What this task involves >> Only the lines below from the one that holds "5107- أَخبَرَنا الحَسَنُ" through the one that holds "This is an original" should appear in the answer, copied exactly, end lines included and pictures omitted.

Information shown >>
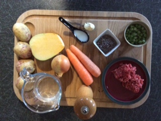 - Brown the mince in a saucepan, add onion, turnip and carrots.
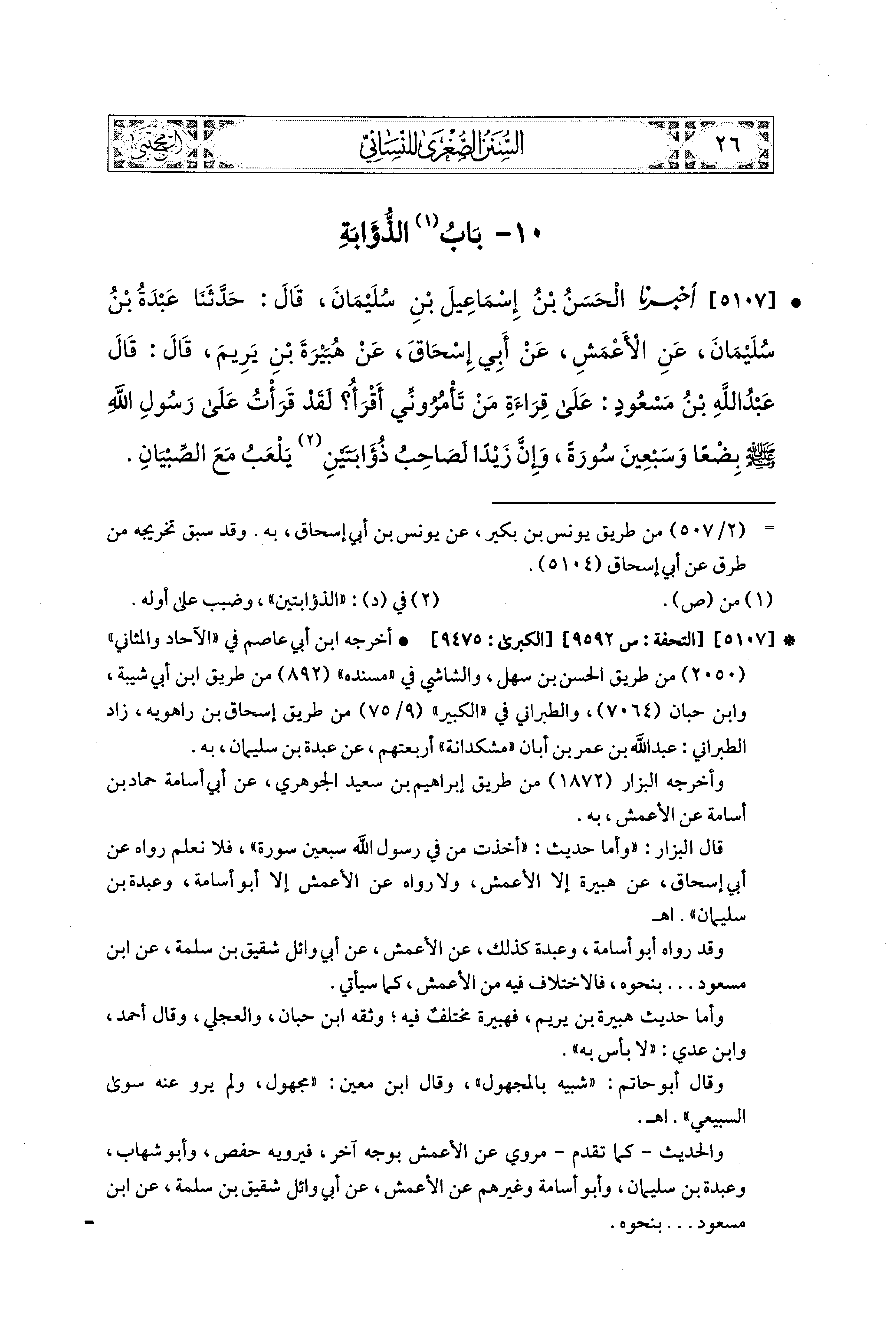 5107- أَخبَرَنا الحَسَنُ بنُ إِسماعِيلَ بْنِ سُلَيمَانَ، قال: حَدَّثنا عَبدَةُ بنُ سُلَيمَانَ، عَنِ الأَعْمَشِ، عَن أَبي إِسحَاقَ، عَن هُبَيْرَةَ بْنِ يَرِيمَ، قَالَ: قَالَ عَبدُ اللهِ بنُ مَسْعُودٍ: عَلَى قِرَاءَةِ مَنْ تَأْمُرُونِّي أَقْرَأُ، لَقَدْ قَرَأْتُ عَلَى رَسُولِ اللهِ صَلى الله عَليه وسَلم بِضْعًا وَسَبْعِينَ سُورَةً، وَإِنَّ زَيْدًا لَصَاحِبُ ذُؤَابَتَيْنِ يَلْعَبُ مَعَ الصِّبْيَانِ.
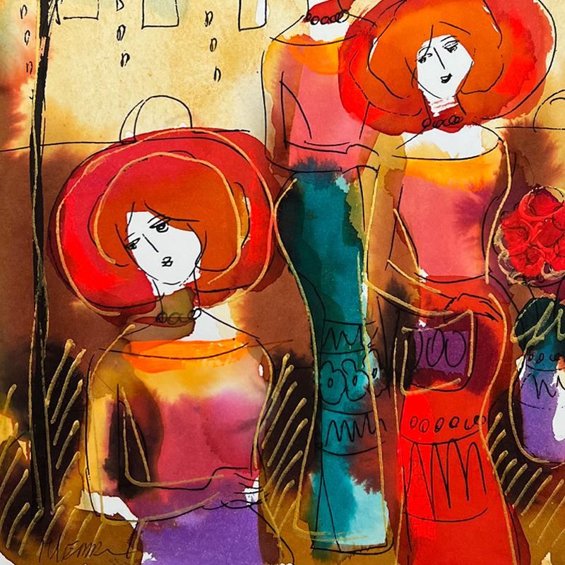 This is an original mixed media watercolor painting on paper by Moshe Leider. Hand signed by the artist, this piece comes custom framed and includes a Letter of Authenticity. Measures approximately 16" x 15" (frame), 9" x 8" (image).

--

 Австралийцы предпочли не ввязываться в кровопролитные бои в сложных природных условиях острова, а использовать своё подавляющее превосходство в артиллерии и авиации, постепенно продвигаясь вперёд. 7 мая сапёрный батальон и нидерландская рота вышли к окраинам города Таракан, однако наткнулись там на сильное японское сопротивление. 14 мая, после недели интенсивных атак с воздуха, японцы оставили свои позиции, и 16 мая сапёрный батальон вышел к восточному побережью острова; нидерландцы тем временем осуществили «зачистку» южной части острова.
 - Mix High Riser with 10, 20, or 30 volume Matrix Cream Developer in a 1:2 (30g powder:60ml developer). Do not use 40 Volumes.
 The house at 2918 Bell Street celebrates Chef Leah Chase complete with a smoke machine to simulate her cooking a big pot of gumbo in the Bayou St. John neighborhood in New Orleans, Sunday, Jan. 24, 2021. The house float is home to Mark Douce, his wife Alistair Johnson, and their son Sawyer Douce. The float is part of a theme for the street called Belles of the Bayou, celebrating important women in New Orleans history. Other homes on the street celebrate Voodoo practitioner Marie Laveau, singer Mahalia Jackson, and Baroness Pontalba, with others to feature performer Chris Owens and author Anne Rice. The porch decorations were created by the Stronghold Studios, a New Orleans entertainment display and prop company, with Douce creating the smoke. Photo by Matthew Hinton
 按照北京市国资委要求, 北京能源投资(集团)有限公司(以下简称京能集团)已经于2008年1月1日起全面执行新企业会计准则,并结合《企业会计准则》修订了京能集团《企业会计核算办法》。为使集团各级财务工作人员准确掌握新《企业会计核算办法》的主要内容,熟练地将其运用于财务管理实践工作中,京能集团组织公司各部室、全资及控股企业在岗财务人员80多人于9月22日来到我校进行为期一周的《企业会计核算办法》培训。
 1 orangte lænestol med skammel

Output for this exercise >>
 5107- أَخبَرَنا الحَسَنُ بنُ إِسماعِيلَ بْنِ سُلَيمَانَ، قال: حَدَّثنا عَبدَةُ بنُ سُلَيمَانَ، عَنِ الأَعْمَشِ، عَن أَبي إِسحَاقَ، عَن هُبَيْرَةَ بْنِ يَرِيمَ، قَالَ: قَالَ عَبدُ اللهِ بنُ مَسْعُودٍ: عَلَى قِرَاءَةِ مَنْ تَأْمُرُونِّي أَقْرَأُ، لَقَدْ قَرَأْتُ عَلَى رَسُولِ اللهِ صَلى الله عَليه وسَلم بِضْعًا وَسَبْعِينَ سُورَةً، وَإِنَّ زَيْدًا لَصَاحِبُ ذُؤَابَتَيْنِ يَلْعَبُ مَعَ الصِّبْيَانِ.
 This is an original mixed media watercolor painting on paper by Moshe Leider. Hand signed by the artist, this piece comes custom framed and includes a Letter of Authenticity. Measures approximately 16" x 15" (frame), 9" x 8" (image).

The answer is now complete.